As disposable incomes rose, people began to focus on brand names as a way of expressing their personal style and lifestyle. A new generation of consumers, known as yuppies, developed with an iconoclastic glee, flouting the gentler assumptions of the era that demanded prudish spending and tasteful clothes.

The 1990s

It’s been over 30 years since the ’90s first hit, but all those throwback trends you grew up with (or covet while binge-watching old sitcoms) are back and even more stylish than ever. From denim on denim to velvet, ’90s style is everywhere again.

LL Cool J, Tupac and other hip-hop artists popularized baggy jeans and oversized jackets. Singers from Destiny’s Child and TLC also favored the trend.

The 1990s saw the rise of khaki pants as a casual chic alternative to jeans. These pants can be worn with a blazer and dress shirt for a hybrid formal look. The decade saw the rise of the “punk” style that incorporated bright colors, black leather and choker necklaces. This look was worn by actresses like Jennifer Aniston and Gwyneth Paltrow.

The 2000s

In the 2000s, people dressed in styles influenced by music. The emo music genre was particularly influential. Guys who listened to emo usually wore black clothes. They often paired their outfits with studded belts and band t-shirts. They also wore Vans shoes and had choppy hairstyles.

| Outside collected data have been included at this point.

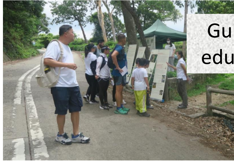
Guided tours & education booth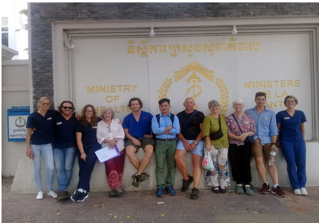
SSS Team January 2018 pictured outside Ministry of Health in Phnom Penh.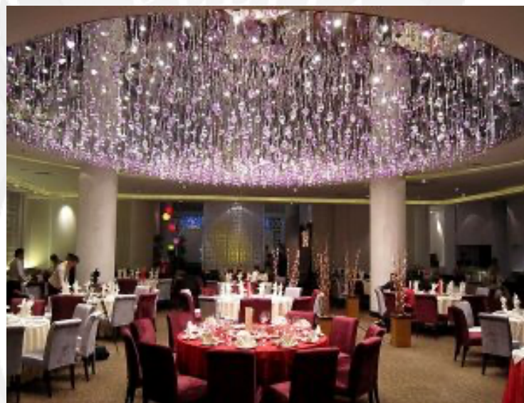
Figure 1.3 Decoration of Taipan Restaurant

Taipan Restaurant, Medan has a luxurious brand impression because it is supported in terms of restaurant design is luxurious, classic, and classy.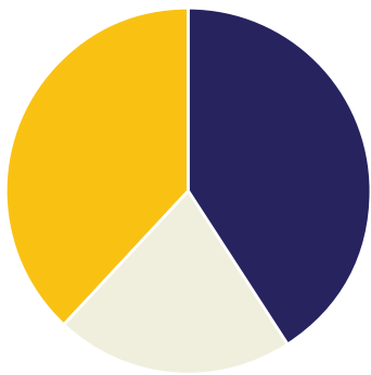
ASSETS BY FUND TYPE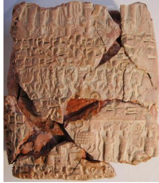
Fig. 6: Contract, Kt 93k 215a (4,7x4,2 cm)

On the envelope, there is no ruling separating the lines of text contrary to the systematic ruling on the tablet, even in the case of legal documents on which the text is quite long. The text is written with the same orientation as the seal impressions, but in some instances, some seal impressions may appear upside down (Fig. 6).

Women also embraced the music style of the 2000s. Some wore a style called Menswear gothic fashion. They wore black clothes and incorporated one bright geometric pattern into their outfits.

Other women wore a style known as hip-hop. They wore a shirt with a metallic geographical design and paired it with low-profile sneakers. Many also wore baggy pants that unzipped at the knee. They sometimes paired these pants with a long tee. Many also wore durags and grillz on their heads.

The 2010s

The 2010s saw menswear get casual, with a resurgence of comfort fueled by the wellness movement and 24/7 access to just about everyone. The decade also saw the emergence of a new generation of designers who leaned toward minimalism and stripped down silhouettes, led by Phoebe Philo’s debut collection for Celine.

Trends from the early 2010s are now making a comeback, including animal print (with Kim Kardashian West and Kylie Jenner frequently rocking the look), neon colors, and cold-shoulder silhouettes. There’s also a renewed awareness that culture is political, with a growing number of literary and art prizes awarded to people whose work is overtly or subtly politically charged.

The decade was also notable for a number of small brands that captured the critical space where craft and modern design meet, such as Stoffa and Anglo-Italian. Both offer a range of RTW and made-to-measure suits and shirts, using Neapolitan craftsmanship and a distinctly British palette of greys and olives.